Among radiographic features used in screening IPF patients, chest x-ray (CXR) can be mentioned, which the diagnosis and clinical manifestations may show bilateral interstitial opacities with the possibility of occurrence in peripheral and lower lung zones. This demonstration may not be visible in 2 to 10% of patients [1, 11, 22]. Also, HRCT is very important and crucial due to the high sensitivity and specificity which can differentiate IPF from other ILDs [1, 23, 24]. According to the ATS / ERS / JRS / ALAT 2011 protocol, the HRCT is the essential test for diagnosing IPF. Reticular opacities (mostly associated with bronchiectasis), honeycombing manifested (typically with 3–10 mm, occasionally large, and usually sub-pleural with well-defined walls), ground-glass opacities (more common, but less than reticulation) and distribution, particularly is in the basal and peripheral and often scattered areas that can be the diagnosis and clinical manifestations in the HRCT test of patients with IPF[1]. Also, forced vital capacity (FVC) ≥50%, diffusing capacity for carbon monoxide (DLCO) ≥ 30% and 6-minute walk test (6MWT) distance≥ 150 meters in the spirometry test represent the mild-to-moderate level of IPF disease [25–28]. Likewise, in laboratory testing issued for screening patients with ILDs, including IPF, the Krebs von den Lungen 6 (KL-6) biomarker is referred, which is not widely used[29, 30]. Since the diagnosis of IPF involves clinical, radiological and histopathological findings, the multi-diagnostic test increases the accuracy[31].

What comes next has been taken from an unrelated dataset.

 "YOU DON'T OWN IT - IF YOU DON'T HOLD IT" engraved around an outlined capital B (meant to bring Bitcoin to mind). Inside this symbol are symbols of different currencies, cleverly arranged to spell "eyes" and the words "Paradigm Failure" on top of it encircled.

Among, lung cancer(LC)[32], pulmonary hypertension (PH)[33], obstructive sleep apnea syndrome[34], gastroesophageal reflux[35], coronary heart disease[1], pulmonic component of the second heart sound, right ventricular lift and tricuspid regurgitation[36, 37] can be mentioned as the comorbidities and common complications in patients with IPF. And, despite numerous conducted studies their correlation and cause have not been explicitly and directly specified[38].

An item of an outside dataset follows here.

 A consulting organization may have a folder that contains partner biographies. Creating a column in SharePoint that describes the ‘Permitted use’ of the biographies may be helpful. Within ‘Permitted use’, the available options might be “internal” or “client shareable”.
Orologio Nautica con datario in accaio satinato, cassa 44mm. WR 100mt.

There are many epidemiological pieces of evidence that show IPF patients have the highest risk of lung cancer[39, 40], that has been reported more often in older men smokers[8, 41–44]. Lung cancer detection in IPF patients due to fibrotic changes in the lung is difficult, which appears more often as nodular lesions with irregular or spiculated margins in peripheral lung zones[45, 46] that its diagnosis can be evaluated before, during and after treatment[8, 41–44]. The risk of IPF patients with LC during surgical treatment is much higher than those without IPF[47] that in severe cases causes acute respiratory distress syndrome[48, 49].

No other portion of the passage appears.